> _WORK REQUEST_: Please restate the data below word for word, omitting all images.

> _COLLECTED DATA_:
───
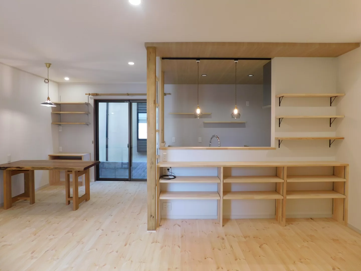 まつゆうの木の雰囲気が好きで、1Fは無垢のレッドパインのフロアにされ、造作家具もふんだんに使いました。
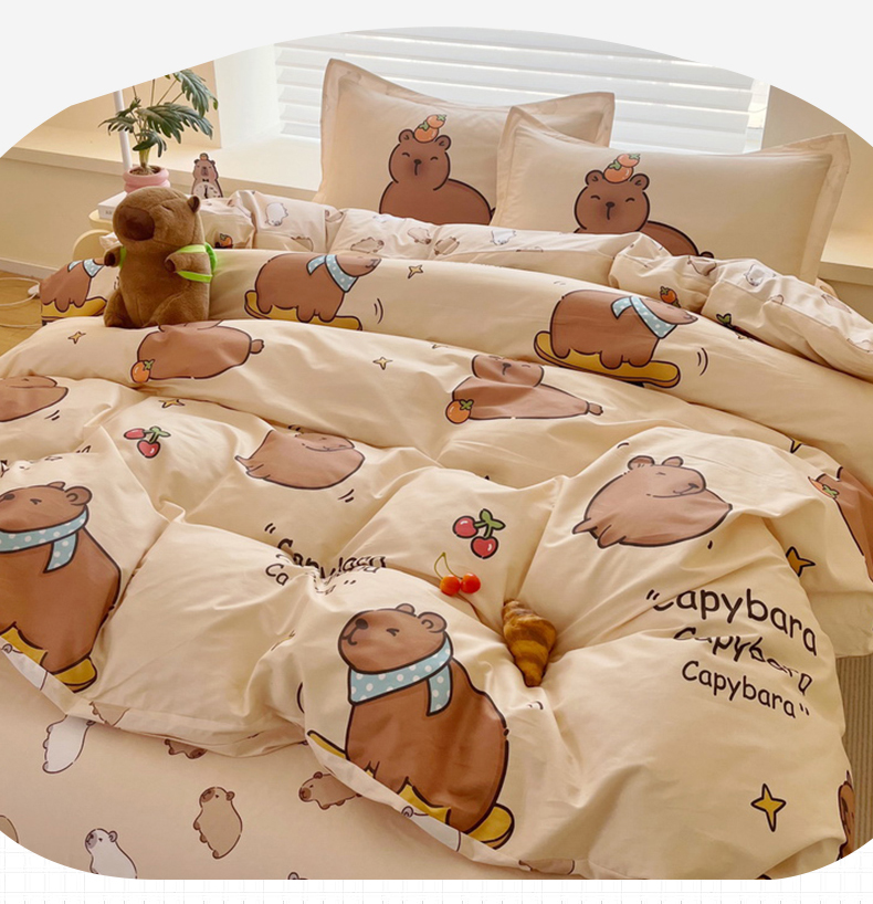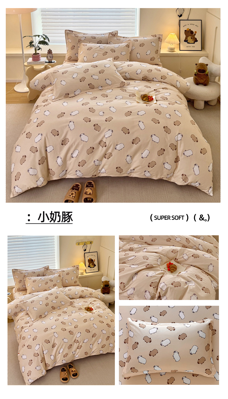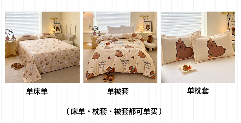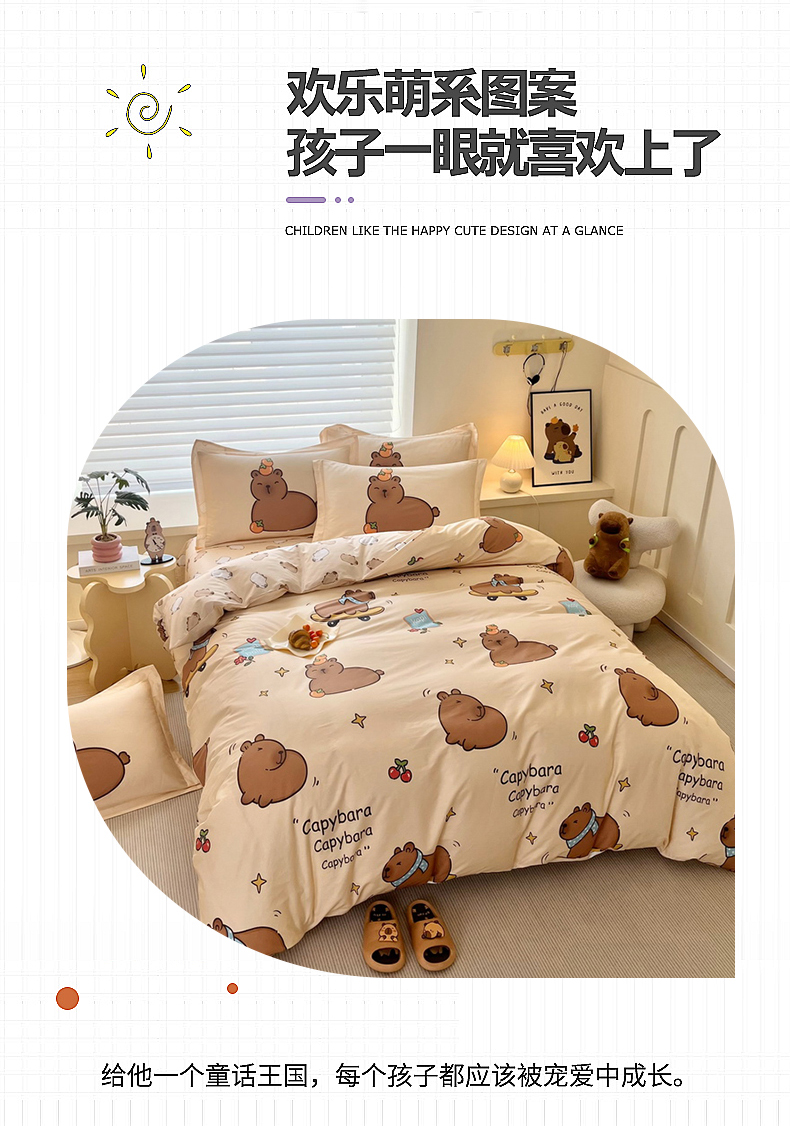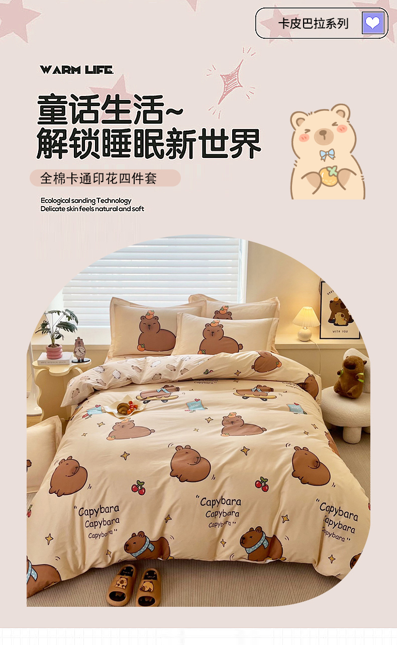 当前位置: 91家纺网 > 商品网购 > 床品套件 > 四件套 > 全棉普通四件套 > 蘭菲家纺 2025新款全棉小版卡皮巴拉系列四件套 卡豚
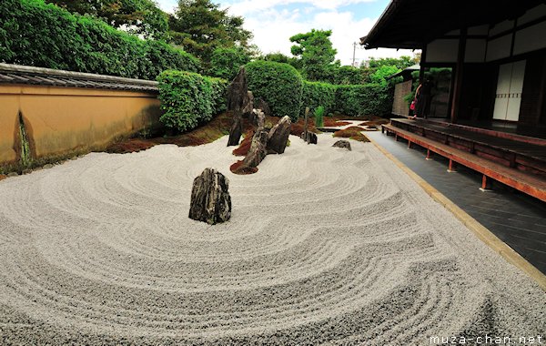 Foto di bawah ini adalah salah satu contoh taman Zen, Dokuza-tei, “Taman Meditasi Pertapa”, di Zuiho-in, Kyoto. Didesain pada 1961 oleh seorang master bernama Shigemori Mirei.
───
> _RESPONSE TO THIS TASK_:
 まつゆうの木の雰囲気が好きで、1Fは無垢のレッドパインのフロアにされ、造作家具もふんだんに使いました。
 当前位置: 91家纺网 > 商品网购 > 床品套件 > 四件套 > 全棉普通四件套 > 蘭菲家纺 2025新款全棉小版卡皮巴拉系列四件套 卡豚
 Foto di bawah ini adalah salah satu contoh taman Zen, Dokuza-tei, “Taman Meditasi Pertapa”, di Zuiho-in, Kyoto. Didesain pada 1961 oleh seorang master bernama Shigemori Mirei.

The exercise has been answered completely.